In the beginning, there was monody. Monody is a single line of music: no harmony, no drone, not even rhythm. Gregorian chant, for instance, is usually monody. One person or a group sings a single line of music, everyone singing the same thing. If the notes have varied weights, lengths, and colors, it can be lovely. Hildegard von Bingen, my favorite composer, wrote a lot of this sort of thing.

But Hildegard didn’t invent it. Oh no. She built on about 4,000 years of tradition that came from Mesopotamia, Egypt and Israel, and Greece. All of those cultures have known songs (although the documentation situation is bleak because music notation didn’t really take off in the West until about the 8th century of the Common Era). But in the 900 years since Hildegard, all kinds of fancy things have happened.

For instance, around the end of the first millennium of the Common Era, someone noticed that in certain songs, one note stood out as dominant. In fact, it could be sung or plucked on a harp, lyre, or psaltery continuously while the melody was sung against it. And thus was harmony born.

But it wasn’t harmony like you think of today. It was a single note produced for the duration of a song. It didn’t move, although later drones did change if the mode of the song changed. (A mode is like a key signature that declares which notes occur to make a scale. It’s different, though, and I’ll save that discussion for another time.)

Suddenly, the melody was affected by the context each note had with the drone. Some combinations were prettier than others, but all had some sort of emotional impact. It was not a leap, then for the drone note to begin to move, and so began a new form of music, called organum, and later, conductus.

This new music had two discrete lines of melody: the tenor or cantus firmus, which slowly produced the melody of the chant and provided a sort of moving drone, and the duplum, which floated away from the melody and often exhibited some performance skills. Organum originated around the end of the first millennium of the Common Era. The tempo was thought to be the walking tempo of the monks entering the church up the long center aisle, but don’t be fooled—this was not rhythm. This was just tempo.

Conductus came around the 12th century, mostly in France, and allowed a more florid showing. Instead of the tenor part holding the ground (the cantus firmus), both lines of song could wander melodically around. And once that happened, the future opened up.

Conductus allowed complex melodies in more than one part. And if you can do two, you can do three or even four voices. Remember, chords weren’t invented yet, so each line was melodically interesting on its own. If one of your voices didn’t show up, no harm: the remaining voices sounded mighty fine on their own.

This gave rise to polyphony—multiple lines of melody—and the musical form called the motet. Now, the word motet comes from the French word “mot,” which means “word.” So you have to understand that the significant change here was the focus from the melody to the words.
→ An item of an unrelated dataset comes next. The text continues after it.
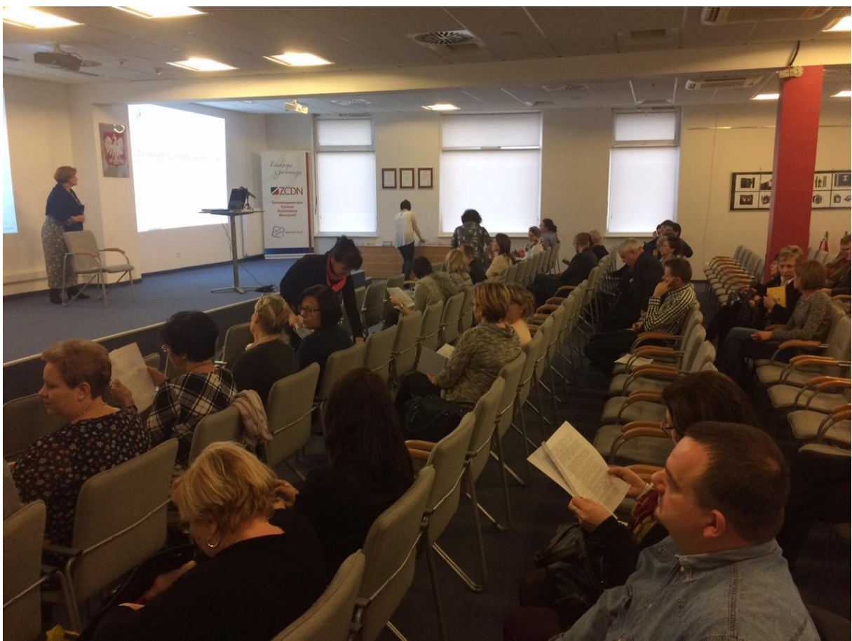
Regionalna konferencja dotycząca problematyki uzależnień skierowana do osób odpowiedzialnych w gminach za rozwiązywanie problemów uzależnień w Szczecinie

It’s subtle, though, so let me help you. In chant, organum, and conductus, the words shaped musical accents, note duration, and sometimes the way the melody climbed or fell. The words were a sort of vehicle on which the music rode. But with polyphony and the invention of the motet, the words became the central character, and, for the first time, words that were not quotations from the Bible were documented.

If you think you don’t know what a motet is, guess again: Lots of familiar Christmas carols are based on them, such as “Deck the Hall.” That little “fa-la-la-la-la” bit is the give-away. The composer was using a kind of filler in secular music to mean something they weren’t willing to say outright. Lots of secular motets have this sort of device when the boy and girl disappear into the grassy meadow of a lovely spring day. It’s a euphemism for “frolicking ensued” and a raised eyebrow.

But to us, the interesting bit about motets is not the words. It’s the parallel lines of melody. You see, by the 13th century when motets were getting popular, people were rather likely to be run over by a cart, catch the plague, or otherwise take a leave of absence without warning. You couldn’t count on the same people showing up from one week to the next, so it was important that each melodic line stand on its own. If only one guy showed up on Sunday, the mass could still be sung. If two guys showed up, all the better. By the time you’ve got three or four, the music was getting pretty fabulous.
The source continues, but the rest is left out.